- **Task item**: Once the pictures are set aside, reproduce the remaining data exactly.
Top of Information supplied
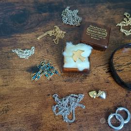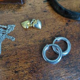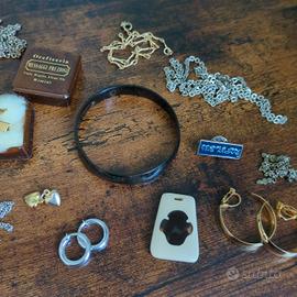 Lotto bigiotteria vintage collane orecchini spille bracciali ciondoli. Lotto di bigiotteria vintage composto da catenine, orecchini, ciondoli, spille, bracciali e braccialetti. Materiali vari. Condizioni come da foto, con segni del tempo e uso. Vendita solo in blocco, esattamente come visibile in foto. Spedizione con imballaggio accurato o possibilità di ritiro a mano a Varese o a Milano.
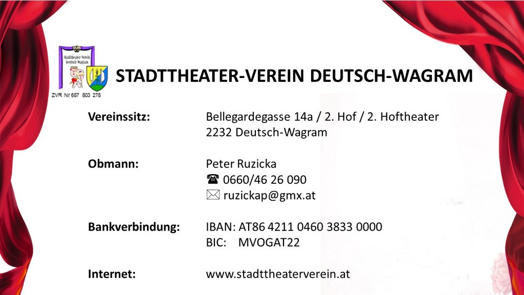 Der Stadttheater-Verein Deutsch-Wagram wurde im Juni 2001 gegründet (ZVR-Zahl: 687803278). Der Vereinssitz ist in 2232 Deutsch-Wagram. Für den weitern Aufbau unseres überparteilichen Theater-Vereins suchen wir Spielbegeisterte und Showtalente jeden Alters, die gerne einen ersten Versuch wagen wollen oder vielleicht auch schon ein wenig Erfahrung haben. Die Proben finden in der Regel jeden Mittwoch um 19:00 Uhr in unserem Vereinslokal in Deutsch-Wagram (Bellegardegasse 14a / 2ter Hof) statt. Einen zugehörigen Stadtplan finden Sie unten.
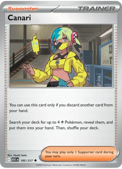Canari #185 is a Uncommon card from the Ascended Heroes expansion of the Pokémon Trading Card Game. It is part of the Mega Evolution series.
Bottom of Information supplied
- **Solution for this exercise**:
 Lotto bigiotteria vintage collane orecchini spille bracciali ciondoli. Lotto di bigiotteria vintage composto da catenine, orecchini, ciondoli, spille, bracciali e braccialetti. Materiali vari. Condizioni come da foto, con segni del tempo e uso. Vendita solo in blocco, esattamente come visibile in foto. Spedizione con imballaggio accurato o possibilità di ritiro a mano a Varese o a Milano.
 Der Stadttheater-Verein Deutsch-Wagram wurde im Juni 2001 gegründet (ZVR-Zahl: 687803278). Der Vereinssitz ist in 2232 Deutsch-Wagram. Für den weitern Aufbau unseres überparteilichen Theater-Vereins suchen wir Spielbegeisterte und Showtalente jeden Alters, die gerne einen ersten Versuch wagen wollen oder vielleicht auch schon ein wenig Erfahrung haben. Die Proben finden in der Regel jeden Mittwoch um 19:00 Uhr in unserem Vereinslokal in Deutsch-Wagram (Bellegardegasse 14a / 2ter Hof) statt. Einen zugehörigen Stadtplan finden Sie unten.
Canari #185 is a Uncommon card from the Ascended Heroes expansion of the Pokémon Trading Card Game. It is part of the Mega Evolution series.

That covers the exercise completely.